* Problem:
Copy out every line of the data exactly; do not include the images.

* Source material:
----------

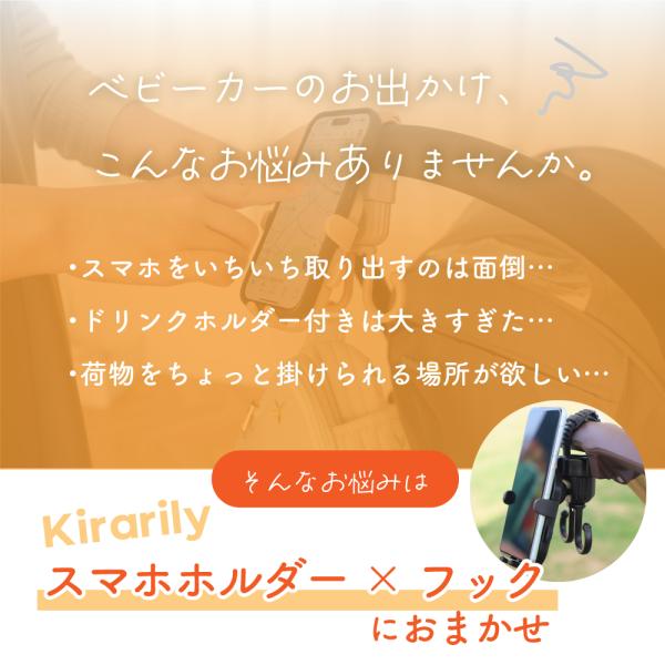ベビーカーでのお出かけに「これひとつあれば便利!」と思える、スマホホルダーとフックが一体になったKirarilyのスマホホルダー。
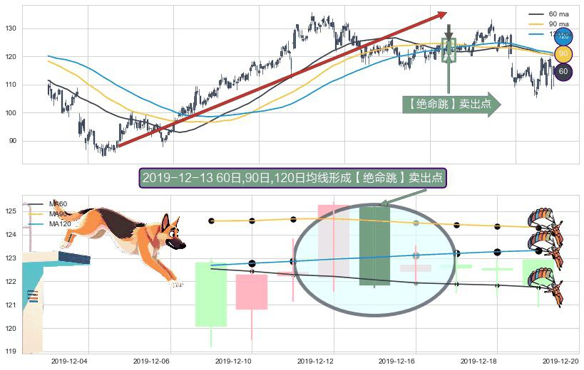 ⚀ 2019-12-13日显现 60日-90日-120日均线 【绝命跳】卖出点 看空信号,后市看跌,卖出
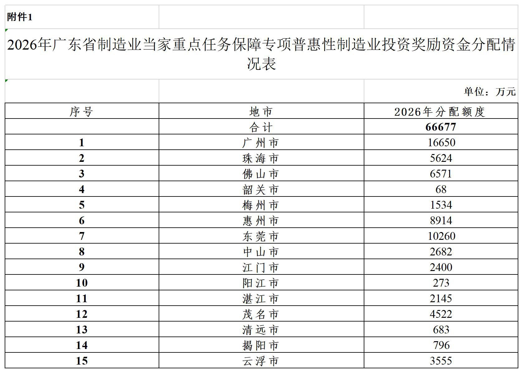 附件:1.2026年广东省制造业当家重点任务保障专项普惠性制造业投资奖励资金分配额度表

----------

* Written answer:
ベビーカーでのお出かけに「これひとつあれば便利!」と思える、スマホホルダーとフックが一体になったKirarilyのスマホホルダー。
 ⚀ 2019-12-13日显现 60日-90日-120日均线 【绝命跳】卖出点 看空信号,后市看跌,卖出
 附件:1.2026年广东省制造业当家重点任务保障专项普惠性制造业投资奖励资金分配额度表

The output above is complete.